This is what I get for gloating. I was just reassuring my family that my work area, DJing and various audio production gigs, is so specialized that it’s generally immune from economic ups and downs. Plus, holidays can be good for DJs, and I typically pick up a couple well-paying gigs for company holiday shindigs. I’d already booked a few, but I just got this e-mail:
To: partyben@yahoo.com
From: [person at event planning company]
Subject: URGENT: [company] Holiday Party
It is with regret we advise you that [company] has cancelled their holiday event scheduled for [date]. We were really looking forward to it, but due to the current economic conditions, it couldn’t be helped.
Things are so bad out there that our workplaces’ annual celebrations of Jesus are being scrubbed, putting our nation’s, uh, guys who are willing to throw on “Play That Funky Music White Boy” when the trashed sales exec demands you play it, out of work? Wow, this is a real recession!
After the jump: Bono feels my pain!
It turns out, though, that I’m not alone in my suffering: a group of investors including the band U2 has been forced to shelve their plans for a 350-foot skyscraper in central Dublin.

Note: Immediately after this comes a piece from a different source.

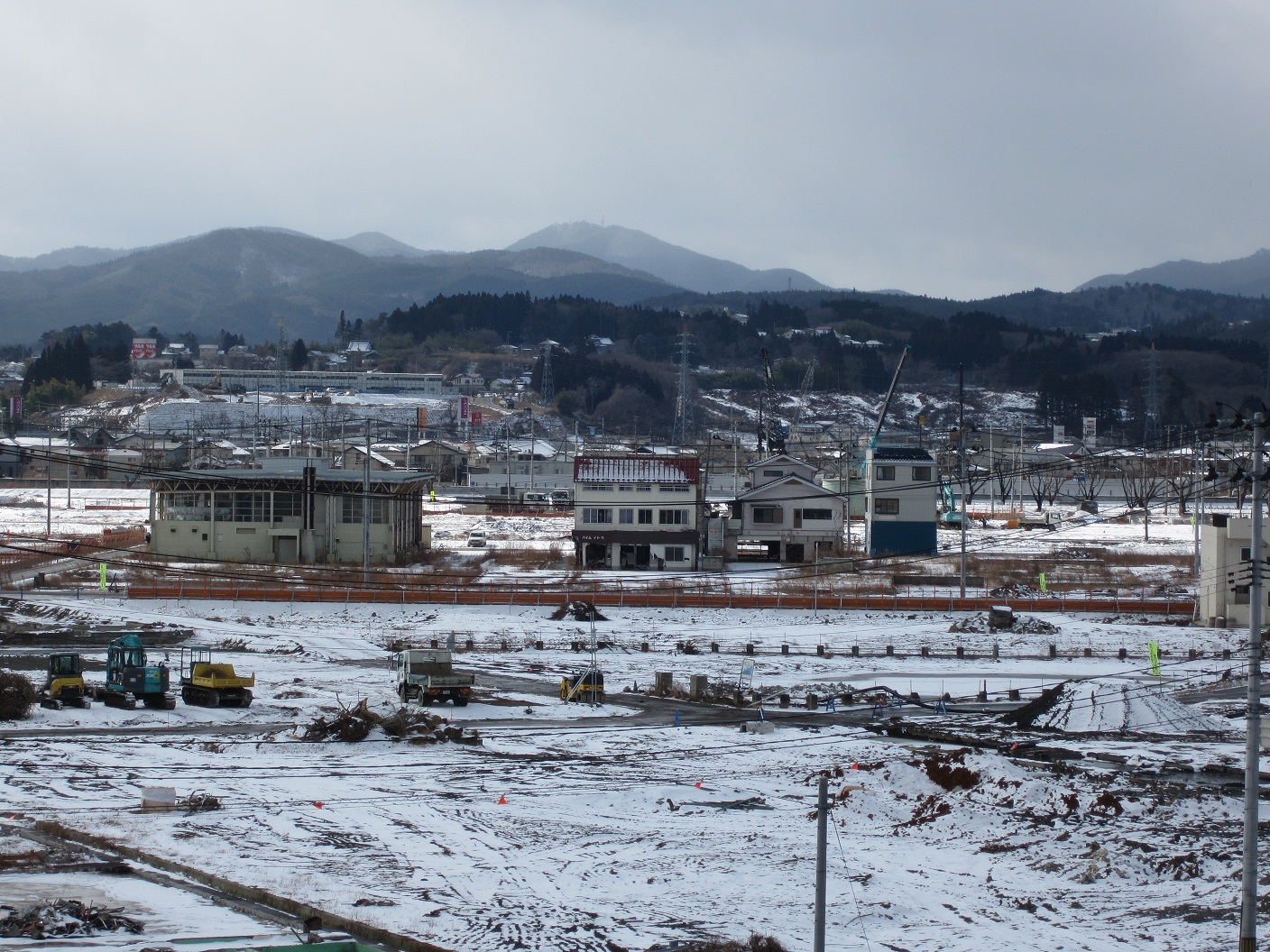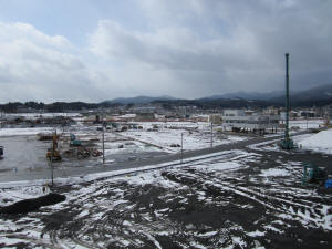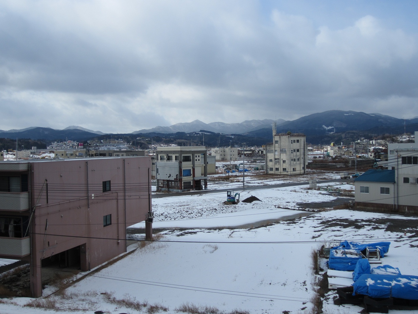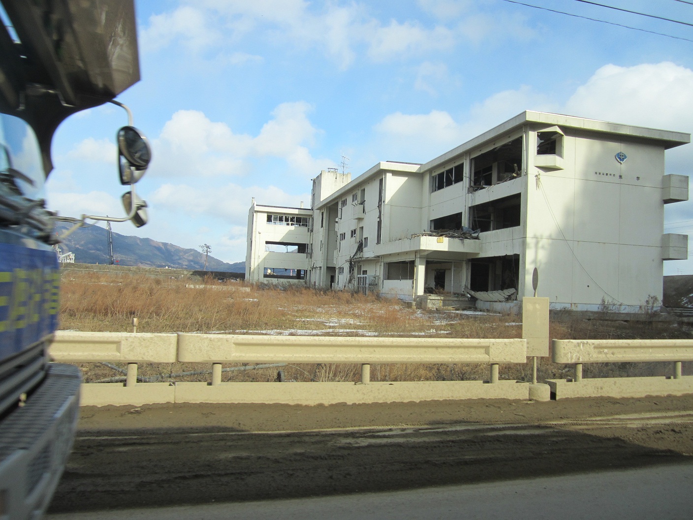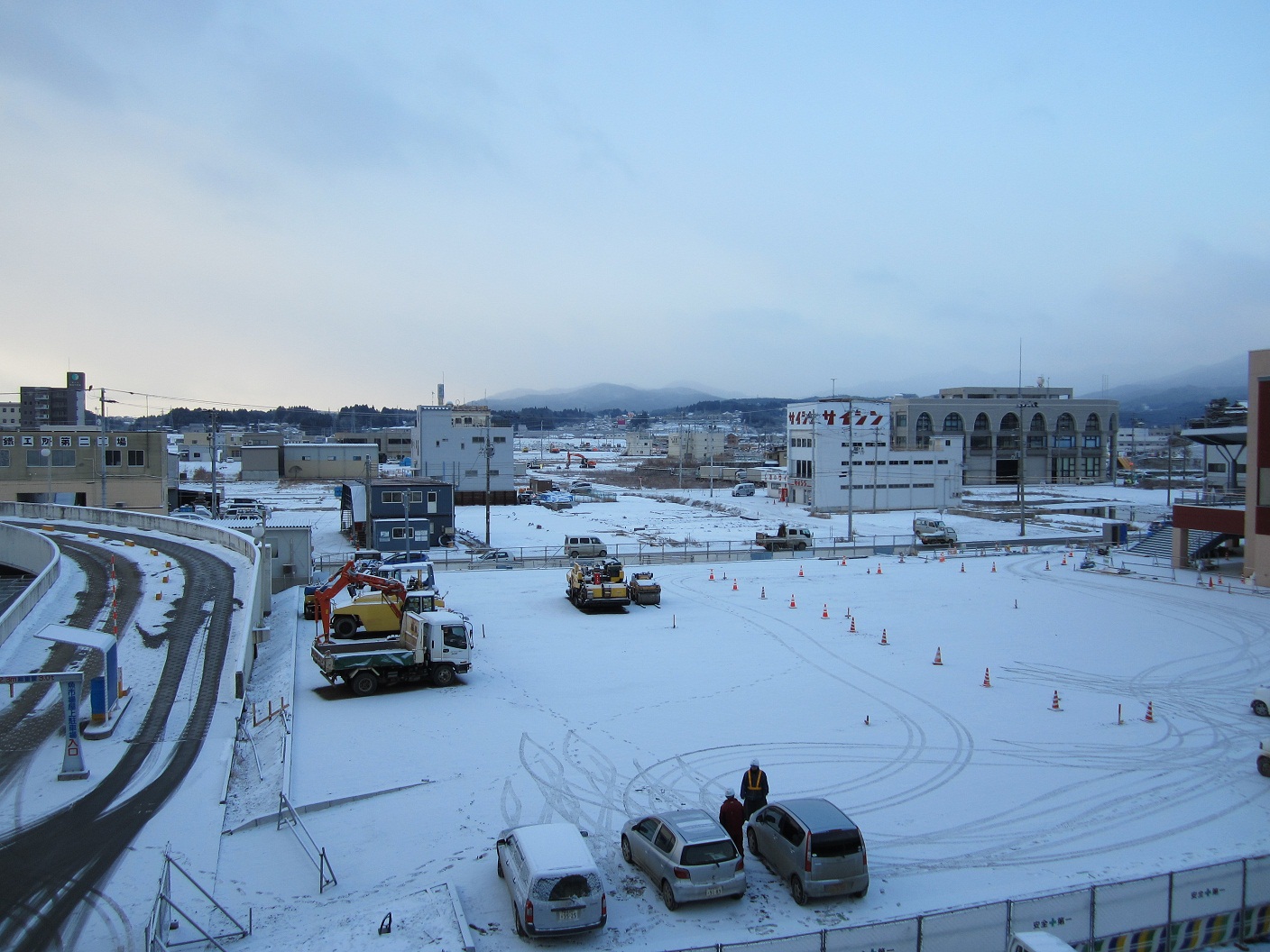 I had about 10 minutes before getting a bus leaving Kesennuma station. Because of the Tsunami, the rail track was destroyed from here and bus service was needed to substitute. The but moved in major road toward Rikuzentakada. I could see a lot of construction machines and dump trucks for the reconstruction, as well as the open spaces with some debris or foundation of the houses stood left, they were the damage done by tsunami,

The mixed-use building would have been Ireland’s tallest, and was to house a new recording studio for Bono in some sort of ridiculous, egg-shaped construction perched on top.
The Dublin Docklands Development Authority (DDDA) said on Friday it had suspended negotiations over the tower for up to 12 months due to uncertainty in the property and financial markets. “The objective is to see this landmark project completed,” the DDDA said in a statement. “However, given the current unfavourable economic environment, more time is needed at this juncture.”
Okay, this all looks pretty bad, but you’ll know things have really gotten scary when Kanye suspends recording his new album to focus on the economy.